3) My bad, I don't know why I read it with an S... strange.
6) No, OWL is very powerful, my point is about the choice of vocabulary... For instance, a markov chain is not an "element of probability theory" in the same way as it is a "probabilistic model" or a "stochastic process".
I would say this is by no means a flaw of Linked Data (the Semantic Web approach). There is an essential duality in many domains, including mathematics. For example, we can adhere different approaches to describe the math theory as a whole from the following points of view:
1) Classical (N. Burbaki's approach): Kantor's set theory and logic
2) Constructive: where we are standing on constructive (intuitionistic) logic
3) Univalent foundations of mathematics (a novel approach).
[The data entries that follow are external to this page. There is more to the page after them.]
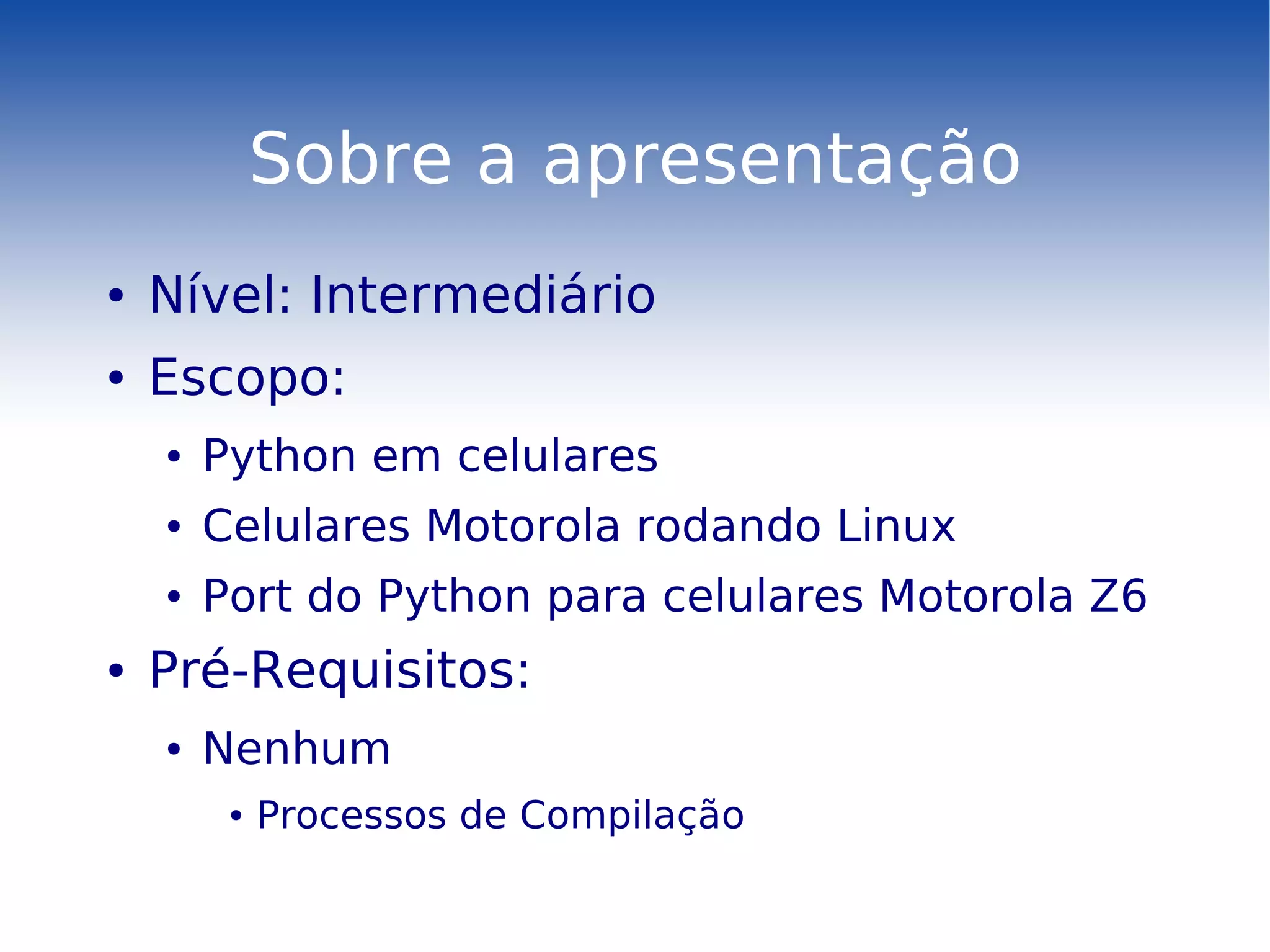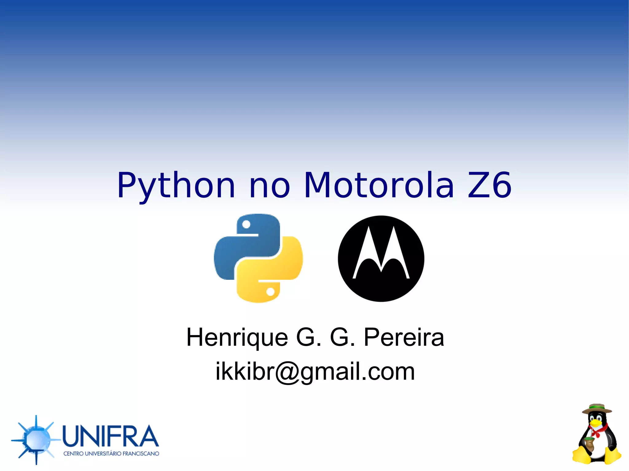O documento discute a portação do Python para o celular Motorola Z6 rodando Linux. Ele descreve o processo de compilação cruzada do Python para a arquitetura ARM do Z6, os problemas enfrentados como a falta de um compilador nativo e a dificuldade em importar módulos, e as soluções atuais como rodar o Python via telnet ou shell no próprio celular. O autor também lista trabalhos futuros como criar uma distribuição pública e melhorar o acesso e interface gráfica.
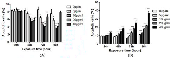 The effects of EGCG dose on apoptotic cells (%) of NCM460 (A) and COLO205 (B) cells. Significant differences between EGCG-treated groups and controls at each treatment interval are indicated by * p < 0.05, ** p < 0.01, and *** p < 0.001.
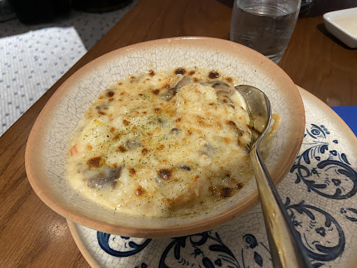 As for the food, I was a bit dissatisfied with my order. I ordered a lobster and the waiter told me about the two styles that they cook with; one is without the shell with mushroom cream sauce and the other is with the shell and a sauce. I got the one without the shell, thinking that they’d serve it like any other place, with the tail and claw meat removed and served with a sauce, however I received something resembling lobster Mac and cheese.
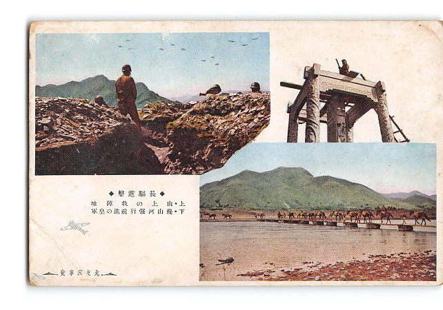 満州 北支那事変 長駆進撃 上 山上の我陣地 下 幾山河強行前進の皇軍 *傷み有り

Even if we stick to the 1st approach only (as we did for the ontology), there are also many dualities (alternative definitions), if we apply, say, terminology from geometry or, alternatively, from set theory while describing the same math objects.
Anyway, I think the methodology, we are working on during this project, should clarify many such hidden aspects. And we expect that it will be valuable for the modern math theory itself. So, let's collaborate:)
To be precise, AM is related to so-called 'computer mathematics'. In this project, we do not aim at modelling mathematics for theorem provers or similar things. Our applications (e.g. keyword-based formula search, education, information extraction) are introduced in the papers.